Your assignment. A faithful copy of the data, pictures omitted, is the required answer.

--- Data supplied ---

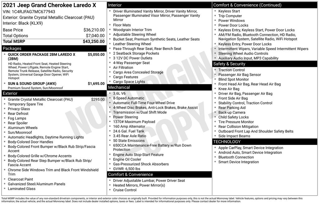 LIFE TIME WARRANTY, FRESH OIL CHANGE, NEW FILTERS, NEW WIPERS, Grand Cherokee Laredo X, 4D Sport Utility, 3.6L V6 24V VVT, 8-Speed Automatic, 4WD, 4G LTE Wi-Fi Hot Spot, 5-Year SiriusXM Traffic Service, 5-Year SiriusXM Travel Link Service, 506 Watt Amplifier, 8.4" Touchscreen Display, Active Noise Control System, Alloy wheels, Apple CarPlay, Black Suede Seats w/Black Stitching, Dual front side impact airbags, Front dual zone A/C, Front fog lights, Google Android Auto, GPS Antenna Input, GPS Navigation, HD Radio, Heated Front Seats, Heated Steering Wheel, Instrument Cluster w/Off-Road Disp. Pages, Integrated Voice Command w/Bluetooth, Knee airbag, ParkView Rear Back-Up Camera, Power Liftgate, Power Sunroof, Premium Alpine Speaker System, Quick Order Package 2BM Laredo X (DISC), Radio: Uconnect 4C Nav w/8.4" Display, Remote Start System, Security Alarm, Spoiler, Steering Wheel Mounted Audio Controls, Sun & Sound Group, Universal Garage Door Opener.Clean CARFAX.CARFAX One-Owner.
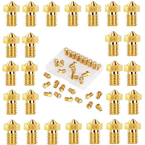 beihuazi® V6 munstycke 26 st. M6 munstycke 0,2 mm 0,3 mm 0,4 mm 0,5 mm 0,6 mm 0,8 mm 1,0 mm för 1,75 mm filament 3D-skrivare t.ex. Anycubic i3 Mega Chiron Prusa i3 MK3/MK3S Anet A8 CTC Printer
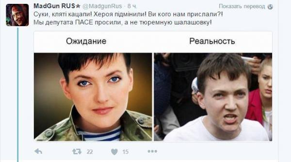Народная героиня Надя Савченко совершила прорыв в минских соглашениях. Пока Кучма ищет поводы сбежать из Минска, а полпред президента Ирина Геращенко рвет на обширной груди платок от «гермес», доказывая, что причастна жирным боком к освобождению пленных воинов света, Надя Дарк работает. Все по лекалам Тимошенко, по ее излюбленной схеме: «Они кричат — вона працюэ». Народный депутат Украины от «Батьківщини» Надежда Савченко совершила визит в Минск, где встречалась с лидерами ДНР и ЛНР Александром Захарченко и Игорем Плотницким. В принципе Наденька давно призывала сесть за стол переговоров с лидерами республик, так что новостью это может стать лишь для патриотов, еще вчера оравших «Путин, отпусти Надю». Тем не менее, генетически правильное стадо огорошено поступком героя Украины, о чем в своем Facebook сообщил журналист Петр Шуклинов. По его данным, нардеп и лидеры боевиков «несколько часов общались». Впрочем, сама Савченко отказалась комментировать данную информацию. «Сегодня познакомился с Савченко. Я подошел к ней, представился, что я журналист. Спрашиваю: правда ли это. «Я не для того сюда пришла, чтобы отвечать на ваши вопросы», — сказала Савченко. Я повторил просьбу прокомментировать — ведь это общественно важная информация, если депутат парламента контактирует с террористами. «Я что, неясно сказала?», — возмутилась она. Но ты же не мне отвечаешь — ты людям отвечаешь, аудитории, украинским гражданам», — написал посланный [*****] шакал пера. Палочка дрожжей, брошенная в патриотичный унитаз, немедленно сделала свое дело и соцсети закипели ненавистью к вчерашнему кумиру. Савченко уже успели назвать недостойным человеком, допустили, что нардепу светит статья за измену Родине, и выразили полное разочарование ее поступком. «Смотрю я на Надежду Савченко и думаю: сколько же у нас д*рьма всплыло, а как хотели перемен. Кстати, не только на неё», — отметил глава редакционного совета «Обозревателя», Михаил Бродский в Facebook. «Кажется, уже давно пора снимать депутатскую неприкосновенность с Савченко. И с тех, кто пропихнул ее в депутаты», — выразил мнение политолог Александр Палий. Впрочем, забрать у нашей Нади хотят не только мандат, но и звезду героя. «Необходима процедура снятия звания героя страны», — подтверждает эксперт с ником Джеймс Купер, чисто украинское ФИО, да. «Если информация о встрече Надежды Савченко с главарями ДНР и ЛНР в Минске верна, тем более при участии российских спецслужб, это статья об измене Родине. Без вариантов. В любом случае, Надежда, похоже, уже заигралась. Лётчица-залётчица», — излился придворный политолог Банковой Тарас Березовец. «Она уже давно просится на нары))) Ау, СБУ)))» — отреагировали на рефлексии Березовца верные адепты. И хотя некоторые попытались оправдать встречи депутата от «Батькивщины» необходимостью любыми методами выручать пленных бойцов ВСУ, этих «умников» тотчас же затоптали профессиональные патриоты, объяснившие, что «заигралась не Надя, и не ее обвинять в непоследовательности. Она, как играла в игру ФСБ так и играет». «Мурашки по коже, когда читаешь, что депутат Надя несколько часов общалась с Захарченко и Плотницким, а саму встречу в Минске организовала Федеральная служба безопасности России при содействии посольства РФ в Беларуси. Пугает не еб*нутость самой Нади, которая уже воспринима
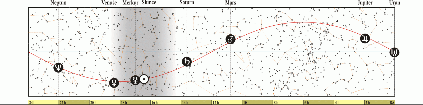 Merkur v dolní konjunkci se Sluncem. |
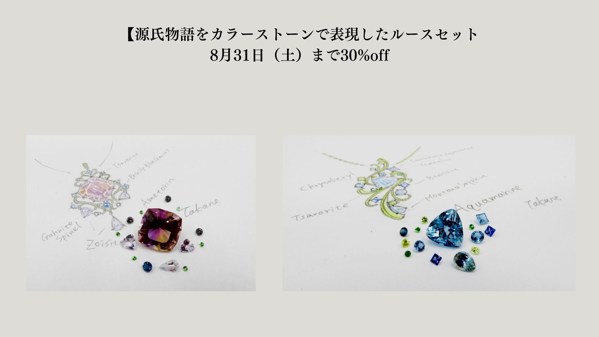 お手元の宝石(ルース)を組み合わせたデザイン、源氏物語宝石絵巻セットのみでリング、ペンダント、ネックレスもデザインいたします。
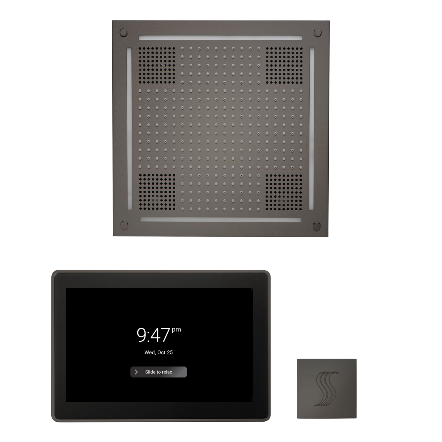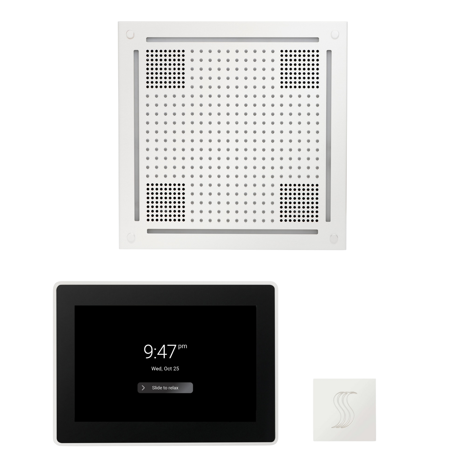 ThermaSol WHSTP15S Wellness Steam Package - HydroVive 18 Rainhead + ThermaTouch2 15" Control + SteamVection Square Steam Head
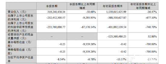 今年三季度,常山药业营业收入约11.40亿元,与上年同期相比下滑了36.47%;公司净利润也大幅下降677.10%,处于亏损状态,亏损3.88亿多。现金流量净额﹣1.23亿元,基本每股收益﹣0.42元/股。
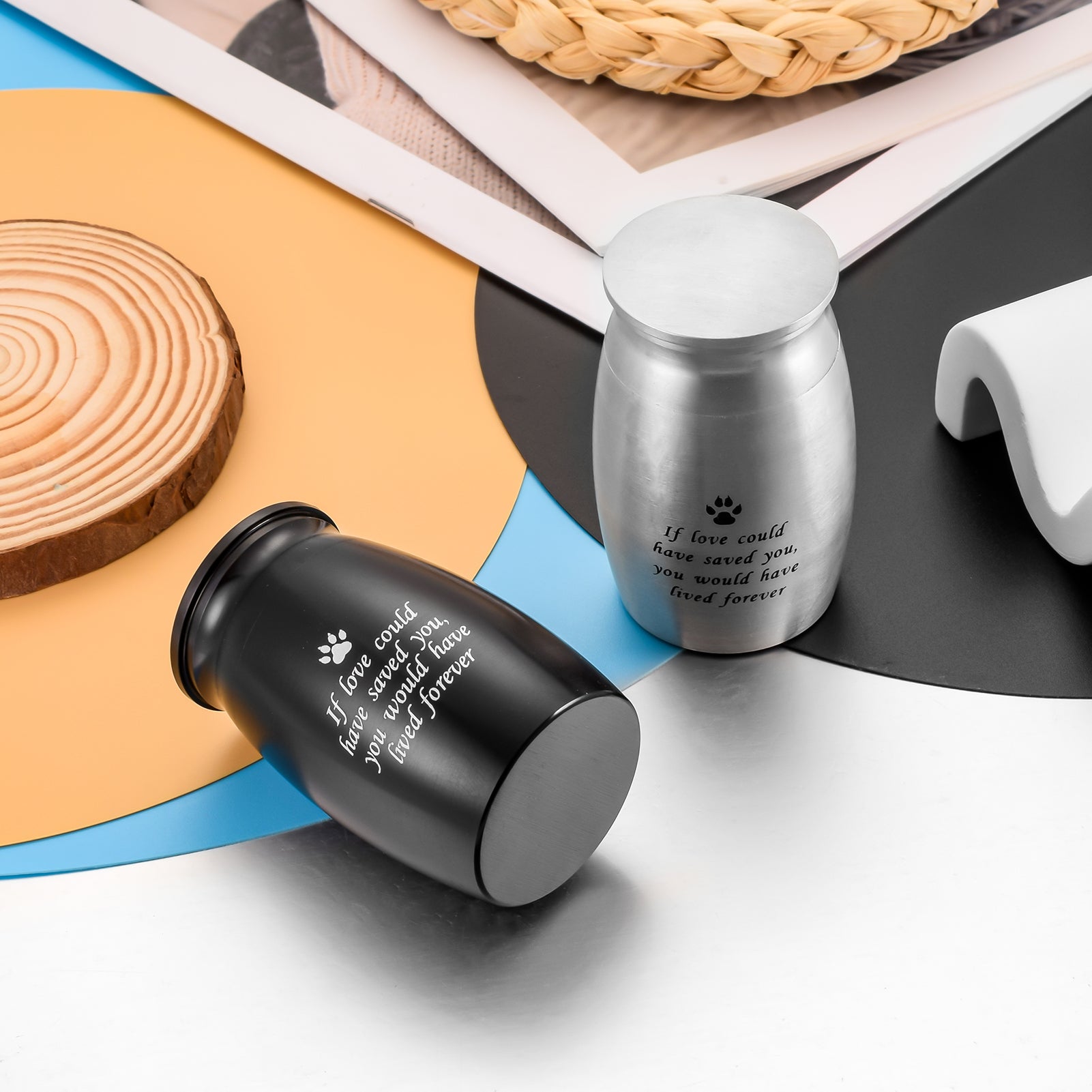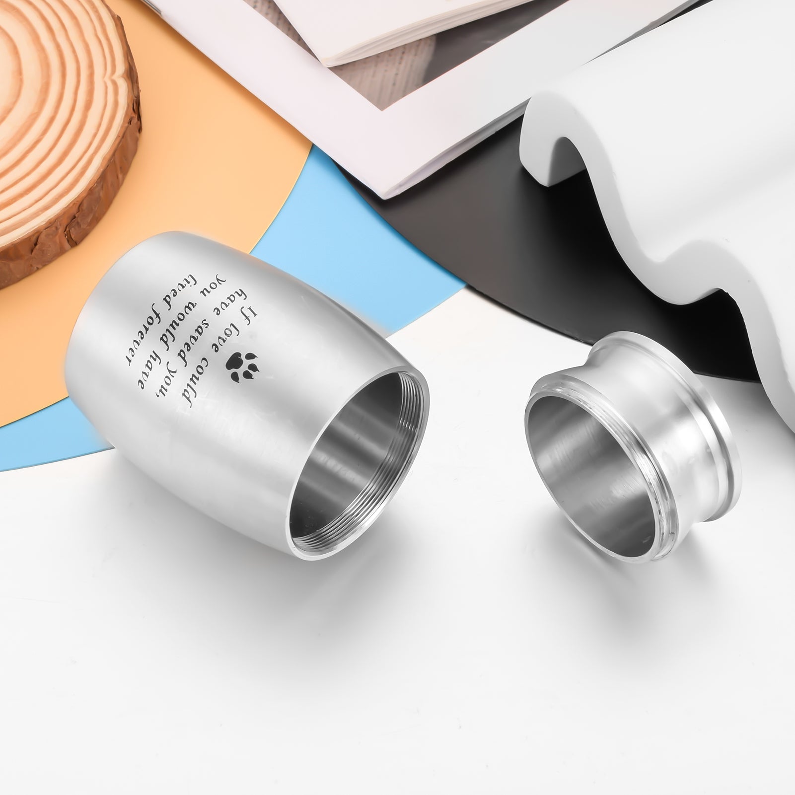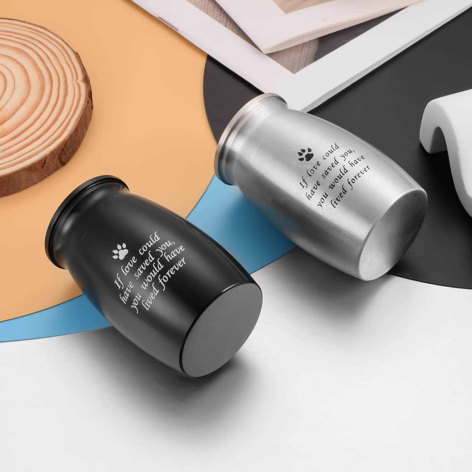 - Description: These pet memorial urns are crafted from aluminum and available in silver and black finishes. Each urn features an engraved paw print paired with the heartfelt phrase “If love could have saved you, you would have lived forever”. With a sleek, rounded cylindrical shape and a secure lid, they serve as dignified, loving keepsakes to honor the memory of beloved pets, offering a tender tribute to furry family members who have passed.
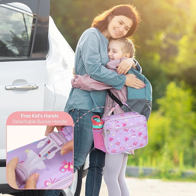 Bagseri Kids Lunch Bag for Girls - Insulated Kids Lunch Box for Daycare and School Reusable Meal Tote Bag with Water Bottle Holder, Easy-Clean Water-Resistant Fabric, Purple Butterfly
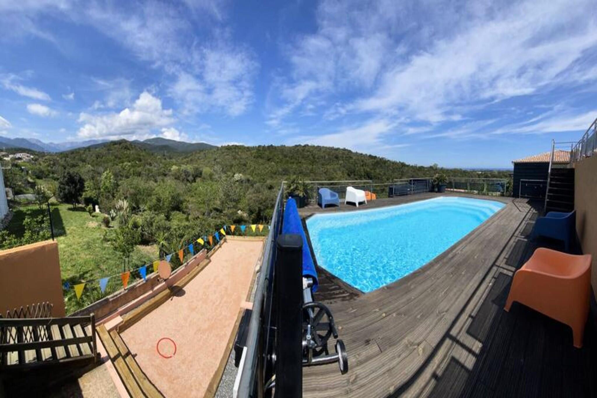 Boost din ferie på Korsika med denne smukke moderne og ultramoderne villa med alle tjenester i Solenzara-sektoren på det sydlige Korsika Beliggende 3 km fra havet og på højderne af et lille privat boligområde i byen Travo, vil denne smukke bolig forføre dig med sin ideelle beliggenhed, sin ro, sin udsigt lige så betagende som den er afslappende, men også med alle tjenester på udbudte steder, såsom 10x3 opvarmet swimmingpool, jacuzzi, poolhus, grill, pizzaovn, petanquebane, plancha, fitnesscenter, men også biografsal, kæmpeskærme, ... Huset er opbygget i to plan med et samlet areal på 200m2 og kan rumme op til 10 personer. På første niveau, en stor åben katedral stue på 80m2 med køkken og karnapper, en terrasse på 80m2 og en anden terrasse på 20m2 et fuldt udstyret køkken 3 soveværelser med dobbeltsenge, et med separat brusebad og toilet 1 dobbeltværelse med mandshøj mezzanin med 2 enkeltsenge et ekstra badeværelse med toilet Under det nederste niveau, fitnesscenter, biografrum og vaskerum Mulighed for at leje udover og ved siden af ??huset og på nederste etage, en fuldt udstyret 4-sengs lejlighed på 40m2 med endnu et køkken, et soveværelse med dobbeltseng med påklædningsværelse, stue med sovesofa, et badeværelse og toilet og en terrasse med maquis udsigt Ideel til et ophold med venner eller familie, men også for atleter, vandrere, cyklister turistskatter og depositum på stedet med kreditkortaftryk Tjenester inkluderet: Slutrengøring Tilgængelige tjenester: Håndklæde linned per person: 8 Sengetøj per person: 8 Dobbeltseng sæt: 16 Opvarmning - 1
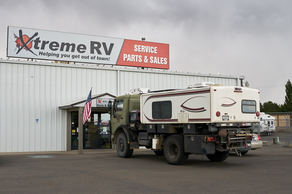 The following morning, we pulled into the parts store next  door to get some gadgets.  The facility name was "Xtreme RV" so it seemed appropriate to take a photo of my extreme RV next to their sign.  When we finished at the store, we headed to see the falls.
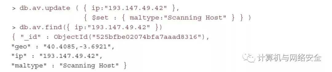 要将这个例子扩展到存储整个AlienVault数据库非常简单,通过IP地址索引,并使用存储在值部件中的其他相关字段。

---

Answer to the exercise.
 LIFE TIME WARRANTY, FRESH OIL CHANGE, NEW FILTERS, NEW WIPERS, Grand Cherokee Laredo X, 4D Sport Utility, 3.6L V6 24V VVT, 8-Speed Automatic, 4WD, 4G LTE Wi-Fi Hot Spot, 5-Year SiriusXM Traffic Service, 5-Year SiriusXM Travel Link Service, 506 Watt Amplifier, 8.4" Touchscreen Display, Active Noise Control System, Alloy wheels, Apple CarPlay, Black Suede Seats w/Black Stitching, Dual front side impact airbags, Front dual zone A/C, Front fog lights, Google Android Auto, GPS Antenna Input, GPS Navigation, HD Radio, Heated Front Seats, Heated Steering Wheel, Instrument Cluster w/Off-Road Disp. Pages, Integrated Voice Command w/Bluetooth, Knee airbag, ParkView Rear Back-Up Camera, Power Liftgate, Power Sunroof, Premium Alpine Speaker System, Quick Order Package 2BM Laredo X (DISC), Radio: Uconnect 4C Nav w/8.4" Display, Remote Start System, Security Alarm, Spoiler, Steering Wheel Mounted Audio Controls, Sun & Sound Group, Universal Garage Door Opener.Clean CARFAX.CARFAX One-Owner.
 beihuazi® V6 munstycke 26 st. M6 munstycke 0,2 mm 0,3 mm 0,4 mm 0,5 mm 0,6 mm 0,8 mm 1,0 mm för 1,75 mm filament 3D-skrivare t.ex. Anycubic i3 Mega Chiron Prusa i3 MK3/MK3S Anet A8 CTC Printer
Народная героиня Надя Савченко совершила прорыв в минских соглашениях. Пока Кучма ищет поводы сбежать из Минска, а полпред президента Ирина Геращенко рвет на обширной груди платок от «гермес», доказывая, что причастна жирным боком к освобождению пленных воинов света, Надя Дарк работает. Все по лекалам Тимошенко, по ее излюбленной схеме: «Они кричат — вона працюэ». Народный депутат Украины от «Батьківщини» Надежда Савченко совершила визит в Минск, где встречалась с лидерами ДНР и ЛНР Александром Захарченко и Игорем Плотницким. В принципе Наденька давно призывала сесть за стол переговоров с лидерами республик, так что новостью это может стать лишь для патриотов, еще вчера оравших «Путин, отпусти Надю». Тем не менее, генетически правильное стадо огорошено поступком героя Украины, о чем в своем Facebook сообщил журналист Петр Шуклинов. По его данным, нардеп и лидеры боевиков «несколько часов общались». Впрочем, сама Савченко отказалась комментировать данную информацию. «Сегодня познакомился с Савченко. Я подошел к ней, представился, что я журналист. Спрашиваю: правда ли это. «Я не для того сюда пришла, чтобы отвечать на ваши вопросы», — сказала Савченко. Я повторил просьбу прокомментировать — ведь это общественно важная информация, если депутат парламента контактирует с террористами. «Я что, неясно сказала?», — возмутилась она. Но ты же не мне отвечаешь — ты людям отвечаешь, аудитории, украинским гражданам», — написал посланный [*****] шакал пера. Палочка дрожжей, брошенная в патриотичный унитаз, немедленно сделала свое дело и соцсети закипели ненавистью к вчерашнему кумиру. Савченко уже успели назвать недостойным человеком, допустили, что нардепу светит статья за измену Родине, и выразили полное разочарование ее поступком. «Смотрю я на Надежду Савченко и думаю: сколько же у нас д*рьма всплыло, а как хотели перемен. Кстати, не только на неё», — отметил глава редакционного совета «Обозревателя», Михаил Бродский в Facebook. «Кажется, уже давно пора снимать депутатскую неприкосновенность с Савченко. И с тех, кто пропихнул ее в депутаты», — выразил мнение политолог Александр Палий. Впрочем, забрать у нашей Нади хотят не только мандат, но и звезду героя. «Необходима процедура снятия звания героя страны», — подтверждает эксперт с ником Джеймс Купер, чисто украинское ФИО, да. «Если информация о встрече Надежды Савченко с главарями ДНР и ЛНР в Минске верна, тем более при участии российских спецслужб, это статья об измене Родине. Без вариантов. В любом случае, Надежда, похоже, уже заигралась. Лётчица-залётчица», — излился придворный политолог Банковой Тарас Березовец. «Она уже давно просится на нары))) Ау, СБУ)))» — отреагировали на рефлексии Березовца верные адепты. И хотя некоторые попытались оправдать встречи депутата от «Батькивщины» необходимостью любыми методами выручать пленных бойцов ВСУ, этих «умников» тотчас же затоптали профессиональные патриоты, объяснившие, что «заигралась не Надя, и не ее обвинять в непоследовательности. Она, как играла в игру ФСБ так и играет». «Мурашки по коже, когда читаешь, что депутат Надя несколько часов общалась с Захарченко и Плотницким, а саму встречу в Минске организовала Федеральная служба безопасности России при содействии посольства РФ в Беларуси. Пугает не еб*нутость самой Нади, которая уже воспринима
 Merkur v dolní konjunkci se Sluncem. |
 お手元の宝石(ルース)を組み合わせたデザイン、源氏物語宝石絵巻セットのみでリング、ペンダント、ネックレスもデザインいたします。
 ThermaSol WHSTP15S Wellness Steam Package - HydroVive 18 Rainhead + ThermaTouch2 15" Control + SteamVection Square Steam Head
 今年三季度,常山药业营业收入约11.40亿元,与上年同期相比下滑了36.47%;公司净利润也大幅下降677.10%,处于亏损状态,亏损3.88亿多。现金流量净额﹣1.23亿元,基本每股收益﹣0.42元/股。
 - Description: These pet memorial urns are crafted from aluminum and available in silver and black finishes. Each urn features an engraved paw print paired with the heartfelt phrase “If love could have saved you, you would have lived forever”. With a sleek, rounded cylindrical shape and a secure lid, they serve as dignified, loving keepsakes to honor the memory of beloved pets, offering a tender tribute to furry family members who have passed.
 Bagseri Kids Lunch Bag for Girls - Insulated Kids Lunch Box for Daycare and School Reusable Meal Tote Bag with Water Bottle Holder, Easy-Clean Water-Resistant Fabric, Purple Butterfly
 Boost din ferie på Korsika med denne smukke moderne og ultramoderne villa med alle tjenester i Solenzara-sektoren på det sydlige Korsika Beliggende 3 km fra havet og på højderne af et lille privat boligområde i byen Travo, vil denne smukke bolig forføre dig med sin ideelle beliggenhed, sin ro, sin udsigt lige så betagende som den er afslappende, men også med alle tjenester på udbudte steder, såsom 10x3 opvarmet swimmingpool, jacuzzi, poolhus, grill, pizzaovn, petanquebane, plancha, fitnesscenter, men også biografsal, kæmpeskærme, ... Huset er opbygget i to plan med et samlet areal på 200m2 og kan rumme op til 10 personer. På første niveau, en stor åben katedral stue på 80m2 med køkken og karnapper, en terrasse på 80m2 og en anden terrasse på 20m2 et fuldt udstyret køkken 3 soveværelser med dobbeltsenge, et med separat brusebad og toilet 1 dobbeltværelse med mandshøj mezzanin med 2 enkeltsenge et ekstra badeværelse med toilet Under det nederste niveau, fitnesscenter, biografrum og vaskerum Mulighed for at leje udover og ved siden af ??huset og på nederste etage, en fuldt udstyret 4-sengs lejlighed på 40m2 med endnu et køkken, et soveværelse med dobbeltseng med påklædningsværelse, stue med sovesofa, et badeværelse og toilet og en terrasse med maquis udsigt Ideel til et ophold med venner eller familie, men også for atleter, vandrere, cyklister turistskatter og depositum på stedet med kreditkortaftryk Tjenester inkluderet: Slutrengøring Tilgængelige tjenester: Håndklæde linned per person: 8 Sengetøj per person: 8 Dobbeltseng sæt: 16 Opvarmning - 1
 The following morning, we pulled into the parts store next  door to get some gadgets.  The facility name was "Xtreme RV" so it seemed appropriate to take a photo of my extreme RV next to their sign.  When we finished at the store, we headed to see the falls.
 要将这个例子扩展到存储整个AlienVault数据库非常简单,通过IP地址索引,并使用存储在值部件中的其他相关字段。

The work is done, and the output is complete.